Emilia Oyanguren, daughter of mission workers José Oyanguren and Alfonsina Finger, grew up in the town of Castelli, in the Argentine Chaco, among Toba Qom people. Emilia developed a strong interest in photography and moved to Córdoba to study at La Metro Escuela de Diseño y Comunicación Audiovisual (School of Design and Audiovisual Communication). Her final project before graduating in July 2021 took her back to Castelli, where she spent a couple of months with the women of the Qom Lashepi Alpi weaving cooperative. She sat with them, listening and learning about their lives.
She reviewed historic photos and saw that many portrayed the Indigenous people and culture in ways that were used to impose submission. Emilia wrote in her thesis, "In the gatherings, I kept my camera in my backpack, and I took a couple of photographs with my cell phone in an unobtrusive way. I felt the weight of lifting the camera in front of a face, a person, a story and taking photos. Questions began to
arise when I saw that the story I wanted to tell was not mine to tell. How do I achieve a faithful representation of the Toba Qom communities if I am not Toba Qom? How do I show, with photography, who the other person is? How can I approach, through photography, recording the gaze that the other woman has on herself?"

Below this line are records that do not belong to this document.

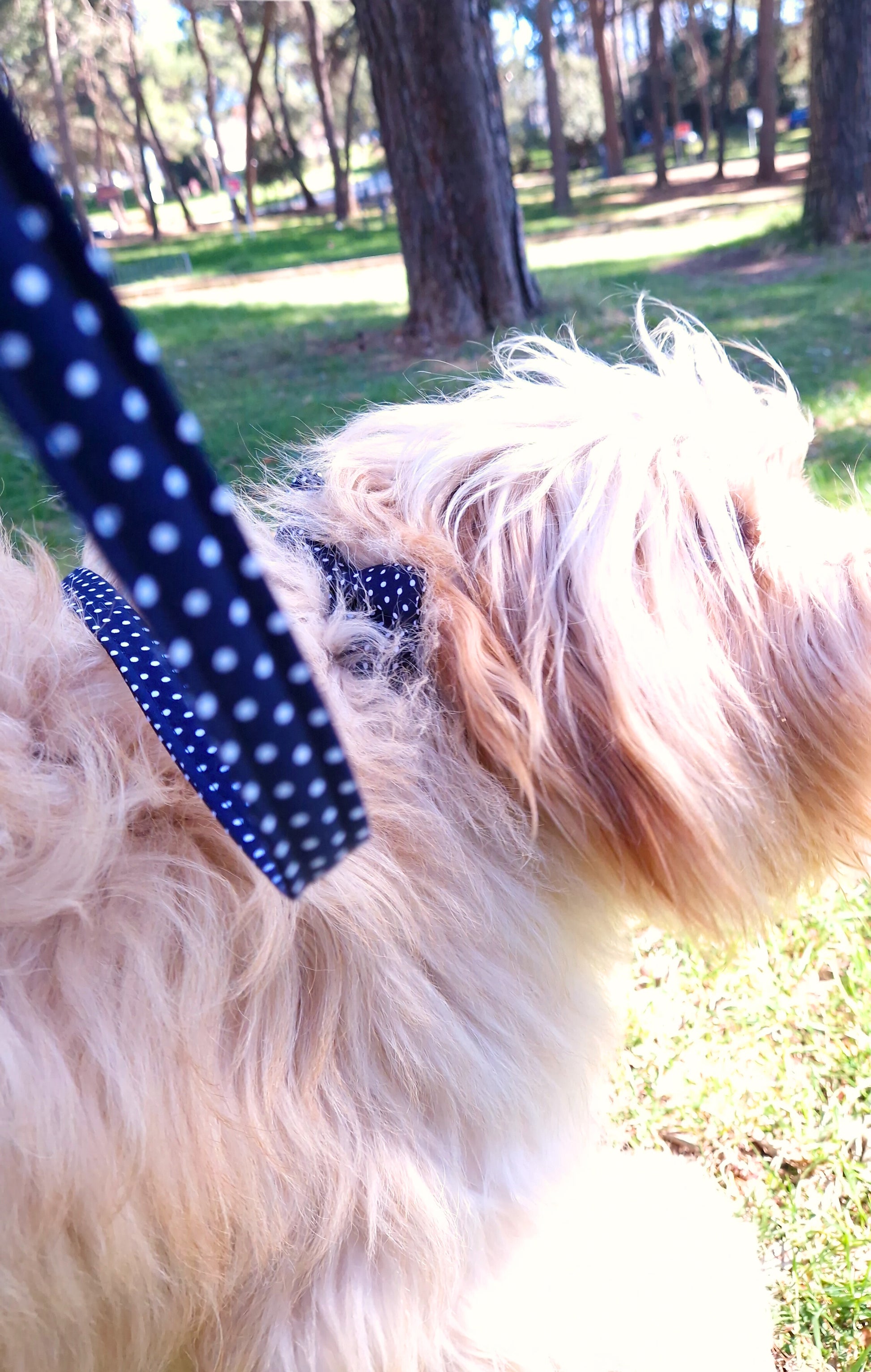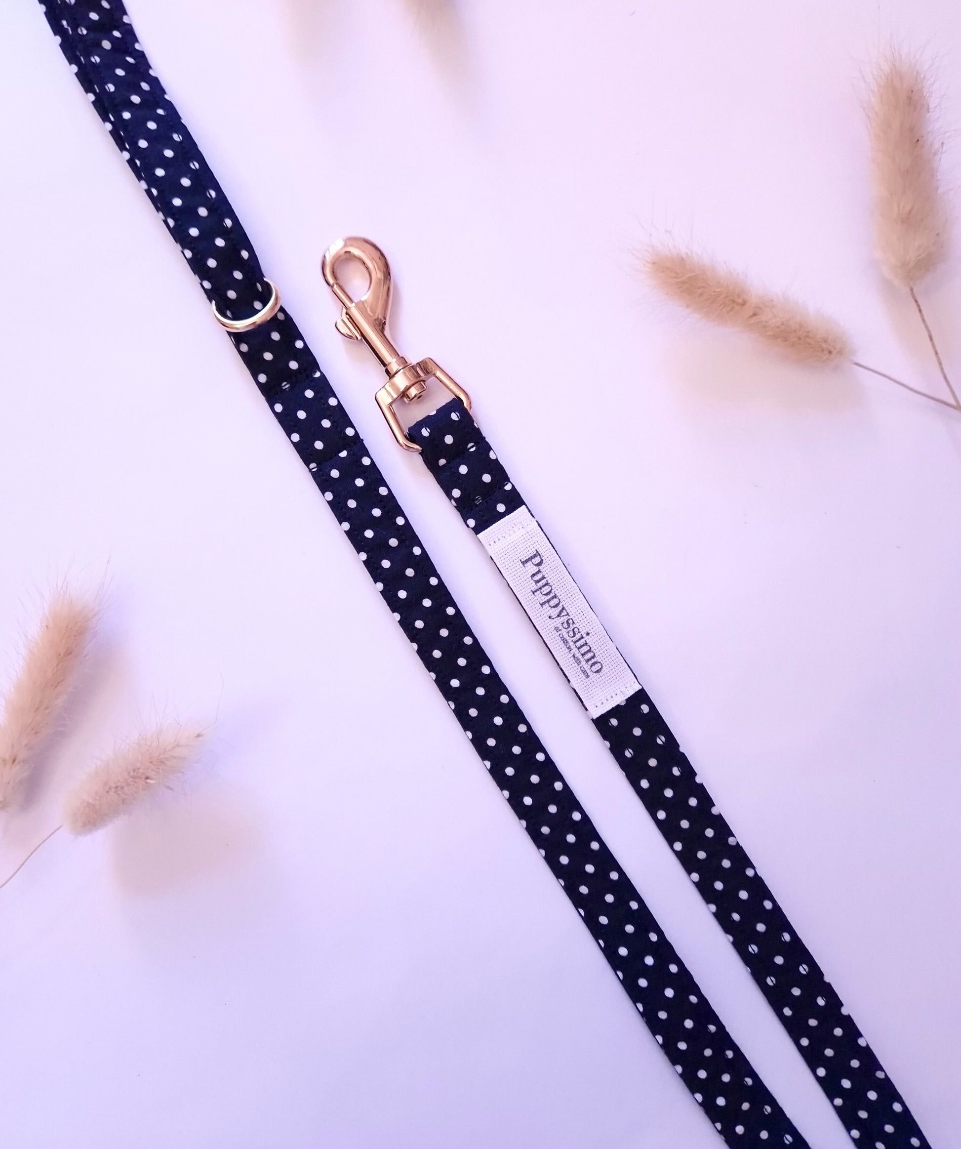 Take your pet for walks with the Puppyssimo leash in an elegant navy blue and white polka dot pattern. Made with an inner tightly woven polyamide webbing for strength and stability, and an outer fabric made of certified cotton for extra comfort.
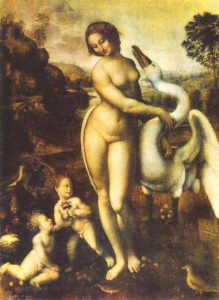 Чезаре да Сесто(?) (1477–1523) Леда и лебедь (копия с картины Леонардо да Винчи). Около 1 510-1 520. Дерево, темпера. 112x86
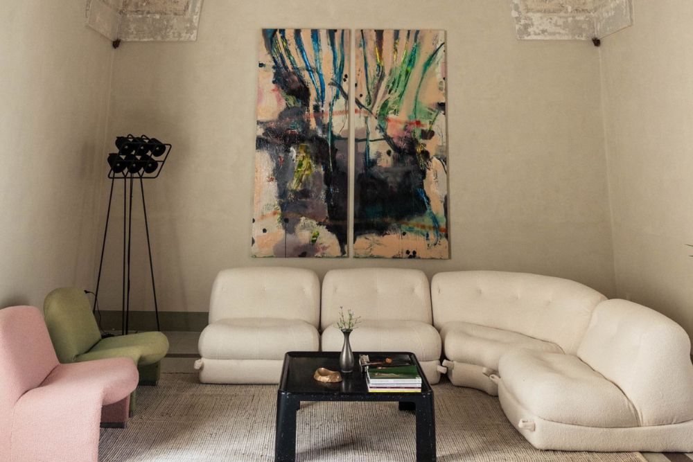 - Beautiful lounge in the old part of the palazzo with a lounge area with a designer sofa, a dining area with a custom-made stone table, and access to the (French) balcony
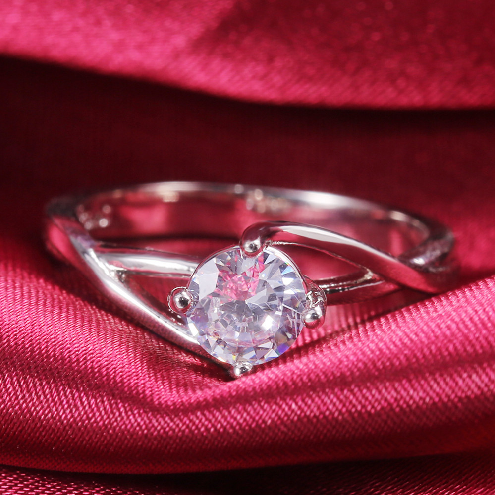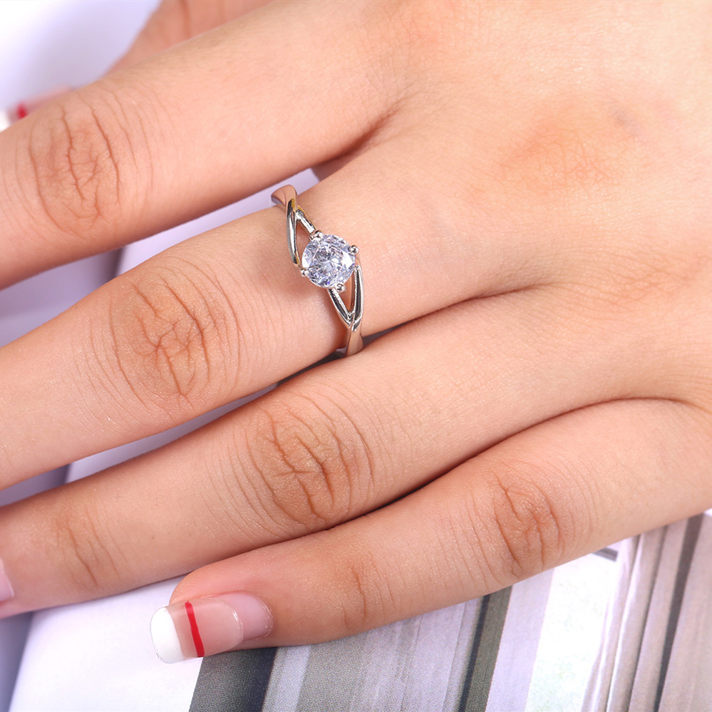 New zircon ring hollow cross four claws fashion design proposal wedding ring birthday gift ring
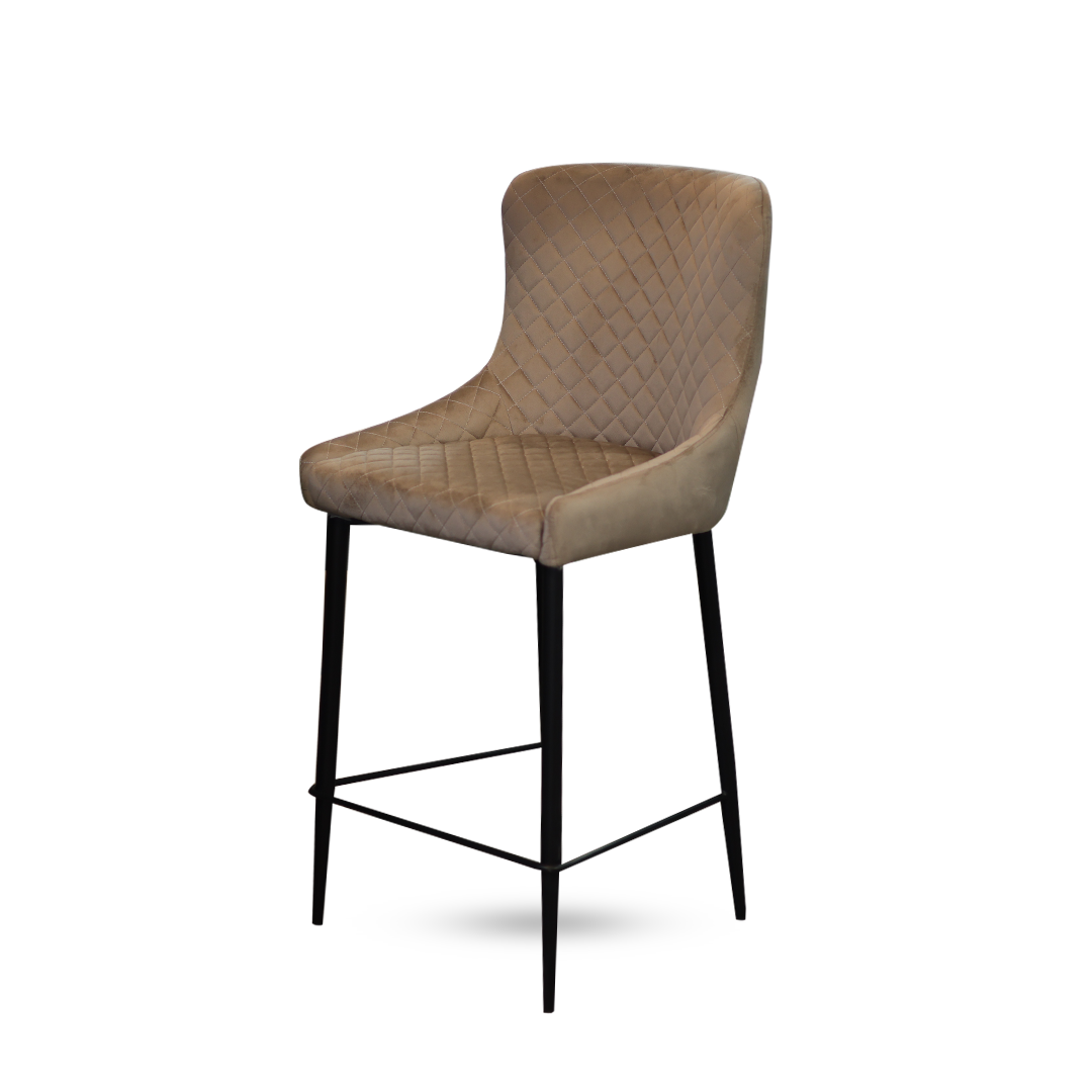 כיסא בר מודרני עם ריפוד קטיפתי ותפירת יהלום, בעיצוב נוח ויוקרתי עם רגלי מתכת שחורות יציבות.
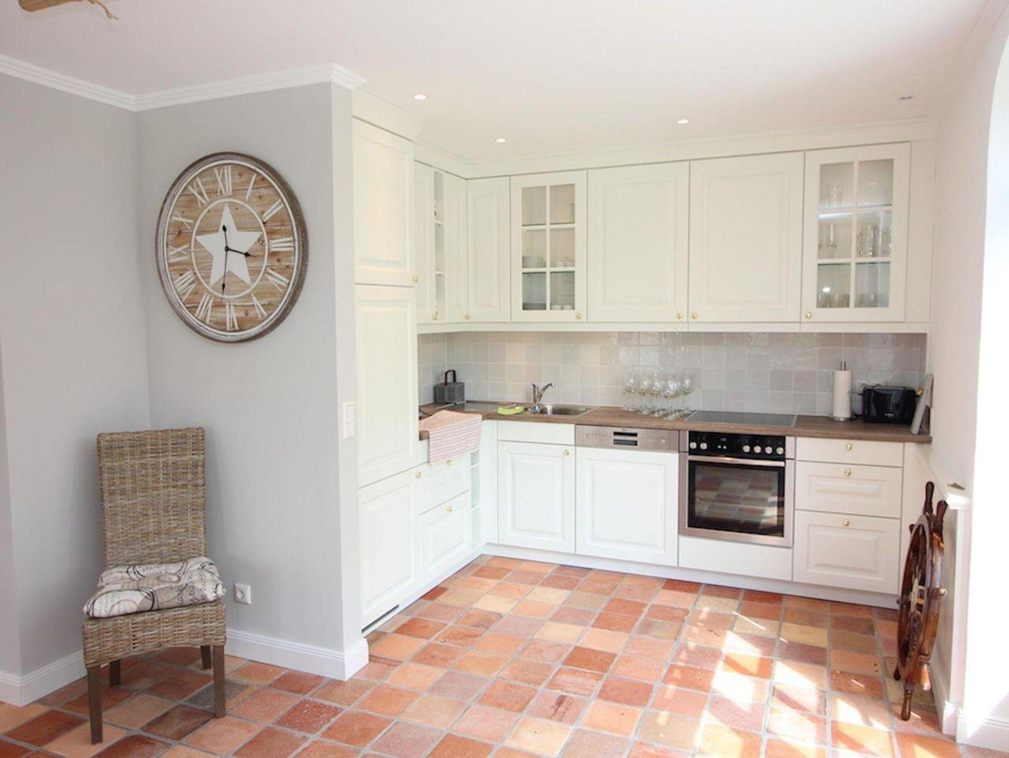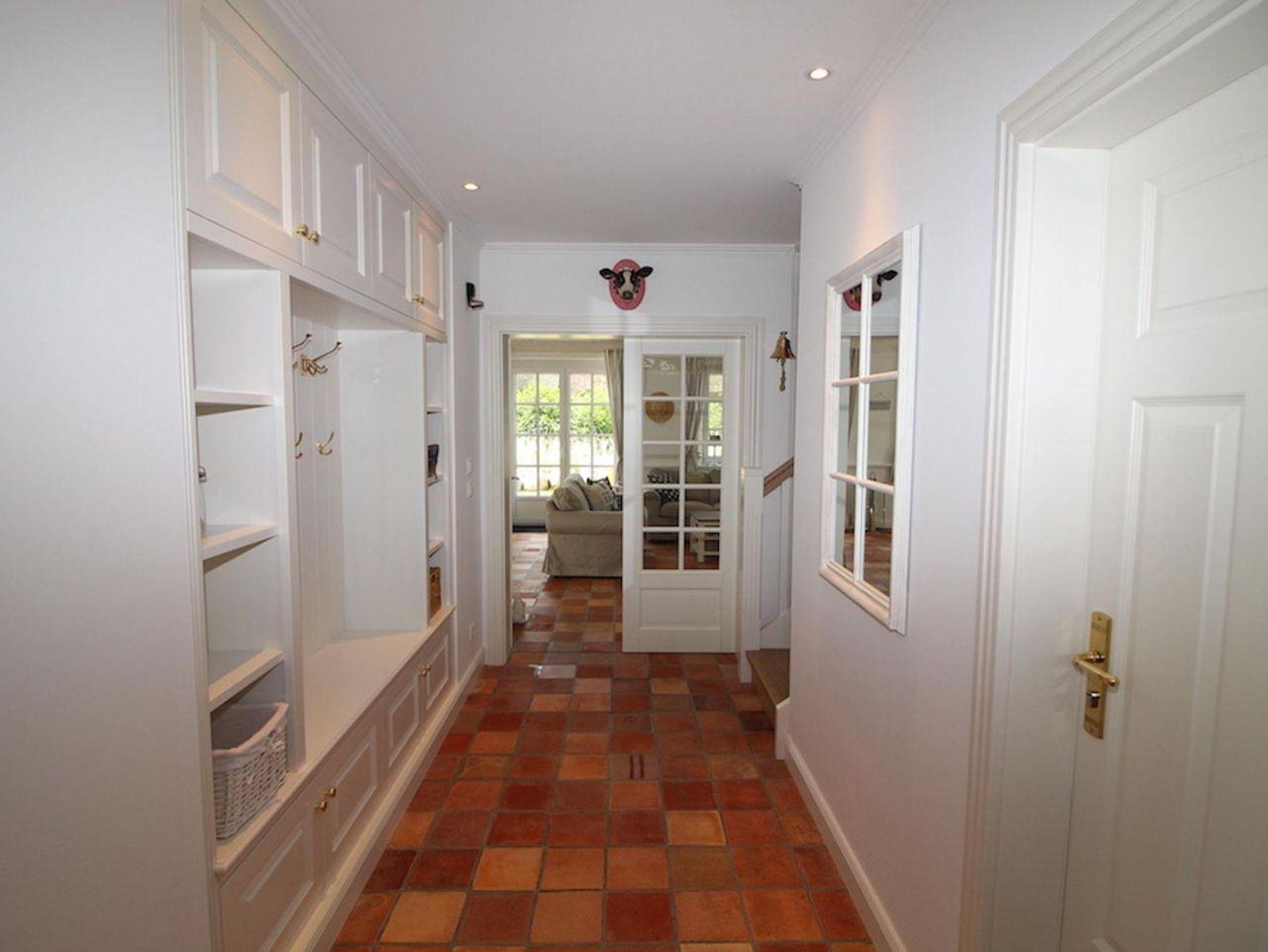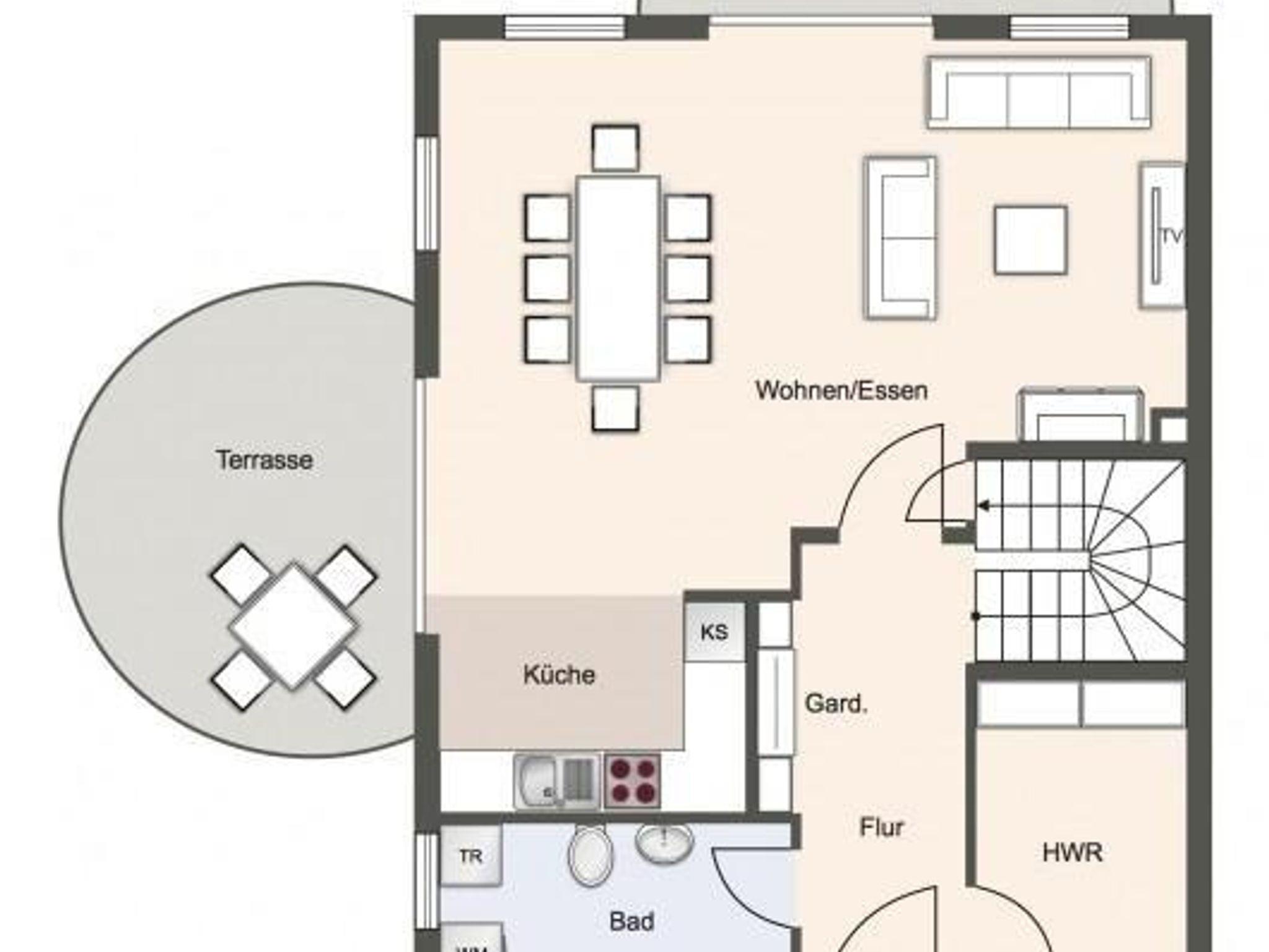 Im Erdgeschoss befindet sich der lichtdurchflutete Wohnraum mit TV, Kamin, einer offenen Küche sowie einem stilvollen Essbereich. Die Wohnräume sind mit exklusiven Möbeln ausgestattet. Die Küche verfügt über hochwertige Elektrogeräte. An den Wohnbereich schließen sich ein Flur mit eingebauter Garderobe, ein Hauswirtschaftsraum und ein Gästebad an. Das gesamte Erdgeschoss ist mit geschmackvollen Fußbodenfliesen versehen, die über eine Fußbodenheizung beheizt werden können.

Rather than focusing on taking the photos, Emilia first facilitated a photography workshop with the women. She wrote that she did this, "with the aim of providing visual resources, so that they themselves can insert their own view of their community into the established patterns and to encourage reflection on their own history and customs, leading to the extension of their culture." The Toba Qom women expressed their visual language and creativity both in photos of nature and in portraits of one another.
Toba Qom women in the photography workshop went outdoors to take photos of nature, illustrating their links with the land where they live, their knowledge of the flora and fauna of the Chaco countryside, the medicinal plants and foods, and the raw materials needed for their artisan work. Photo by Emilia Oyanguren.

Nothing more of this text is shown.